Nanci Griffith chronology
| Little Love Affairs (1988) | One Fair Summer Evening (1988) | Storms (1989) |

= One Fair Summer Evening =

One Fair Summer Evening was Nanci Griffith's seventh album, and her first one recorded in a live setting. It was recorded on August 19 and August 20, 1988, at Anderson Fair, a Houston, Texas club long known for featuring folk artists in an intimate setting.

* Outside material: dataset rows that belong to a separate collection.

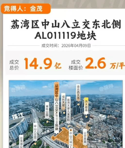 金茂中山八项目位于广州市荔湾区中山八立交东北侧,地处老西关核心腹地,是广州千年文脉的发源地,承载着广府文化的精髓,人文底蕴深厚、生活氛围浓厚、配套成熟完善。地块前身为电车保养场,是老西关稀缺的大体量宅地,历经 10 轮竞价,最终由中国金茂以 14.88 亿元、楼面价 26609 元 /㎡斩获,成为 2026 年广州土拍市场的焦点。
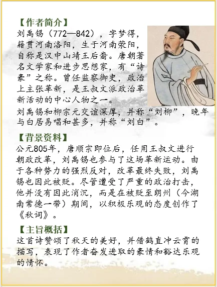 公元805年,唐顺宗即位后,任用王叔文进行朝政改革,刘禹锡也参与了这场革新运动。由于各种势力的强烈反对,改革最终失败,刘禹锡也因此被贬。尽管遭受了严重的政治打击,他并没有因此消沉,而是在被贬至朗州(今湖南常德一带)期间,以积极乐观的态度创作了《秋词》。
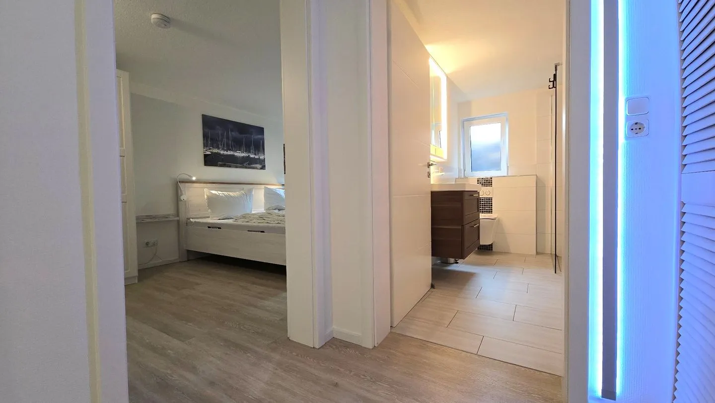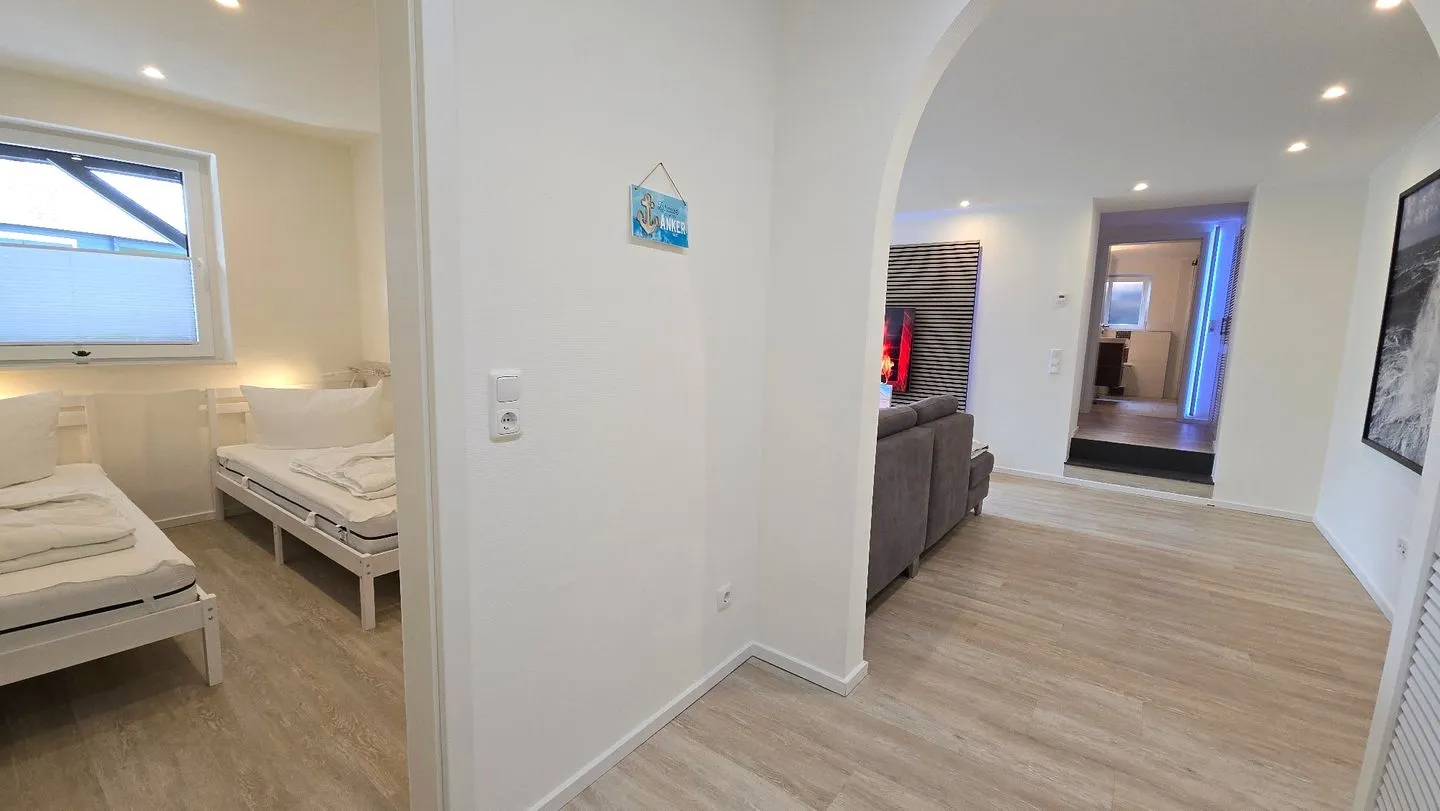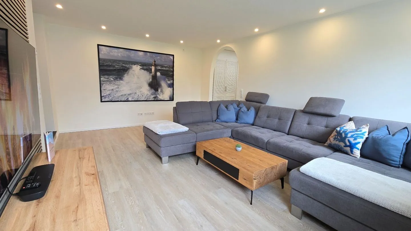 Der helle Wohnbereich bildet das Herzstück der Wohnung und lädt zum Entspannen und Wohlfühlen ein. Nach einem Tag am Strand oder einer Fahrradtour durch die Umgebung könnt ihr es euch auf der großzügigen Couch bequem machen, gemeinsam einen Film schauen oder einfach den Tag in ruhiger Atmosphäre ausklingen lassen.
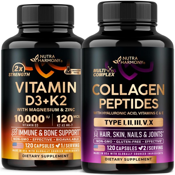 Vitamin D3 K2 Capsules & Collagen Peptides Capsules by Nutraharmony.
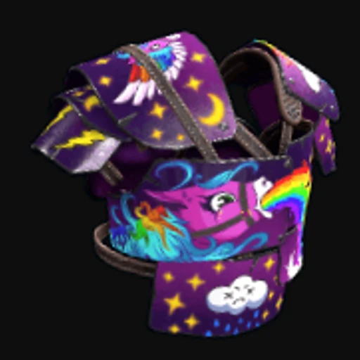 The Rainbow Pony Vest is a vibrant and whimsical Rust Road Sign Jacket skin that features a playful design infused with a spectrum of colors. The vest showcases a lively pattern of multicolored ponies prancing across a bright background, creating a cheerful and eye-catching appearance. This skin transforms the utilitarian road sign jacket into a statement piece, which is typically used for protection against both environmental hazards and enemy attacks in the game. The combination of its protective functionality and unique aesthetic makes the Rainbow Pony Vest a standout choice for players looking to express their personality while navigating the harsh Rust landscape.
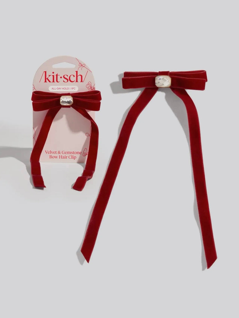 The Statement Clip of the Season Timeless charm meets modern sparkle with the Kitsch Velvet Gemstone Bow Hair Clip – Red. Crafted from plush red velvet and finished with a delicate gemstone accent, this bow clip adds instant elegance to any look—whether you're heading to a holiday soirée or just elevating your everyday. A touch of sparkle meets timeless charm—this Velvet Gemstone Bow Hair Clip is made to stand out.
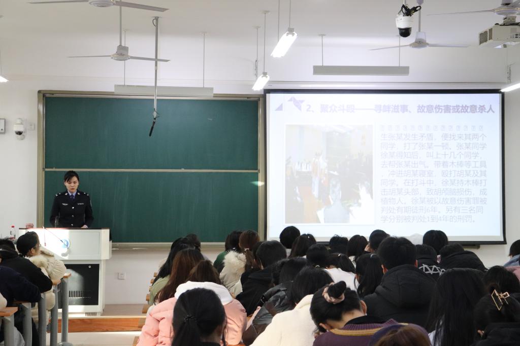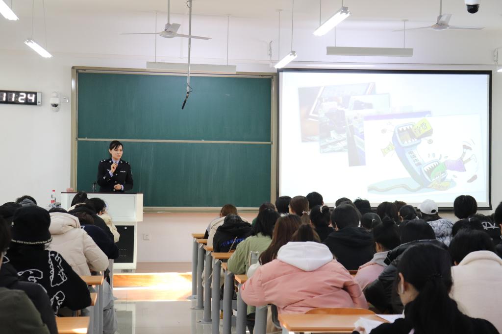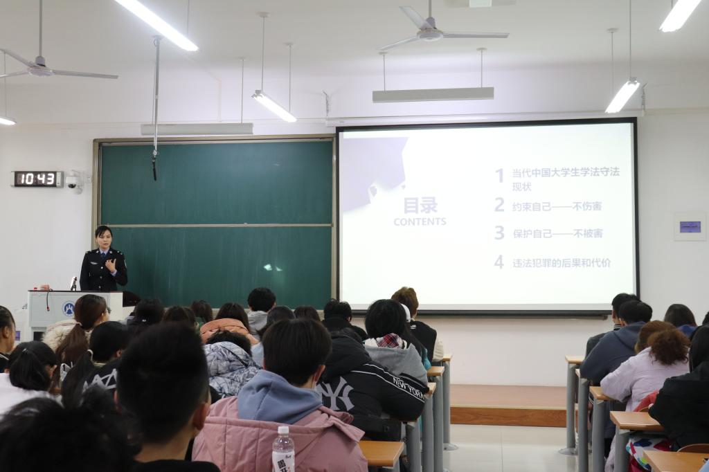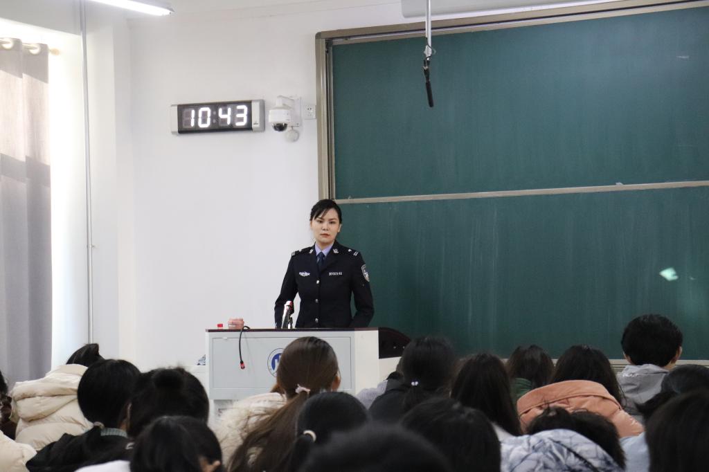 第三部分于科长通过防范毒品犯罪、防范电信诈骗、防范人身安全三部分向同学们提供了如何保护自己不被侵害。要提高自身防范意识,做好预防。保障自身财产安全,谨防各类电信诈骗手段。做到抵制校园暴力,防范性骚扰和性侵害,保护自己不成为被害人。

Griffith mainly performed live versions of songs from her previously released albums, but added in a couple of new ones: "Deadwood, South Dakota" and "I Would Bring You Ireland". The album rose into the #43 position of the Billboard Country Albums chart.

Professional ratings
Review scores
| Source | Rating |
| AllMusic | Star Half star |

==Critical reception==

Jon Cummings of PopDose wrote, "Stripped of most of the country elements that had been ladled over their studio versions, Griffith’s songs emerge crisp and timeless; indeed, these live recordings accomplish the rare feat of rendering their studio antecedents obsolete."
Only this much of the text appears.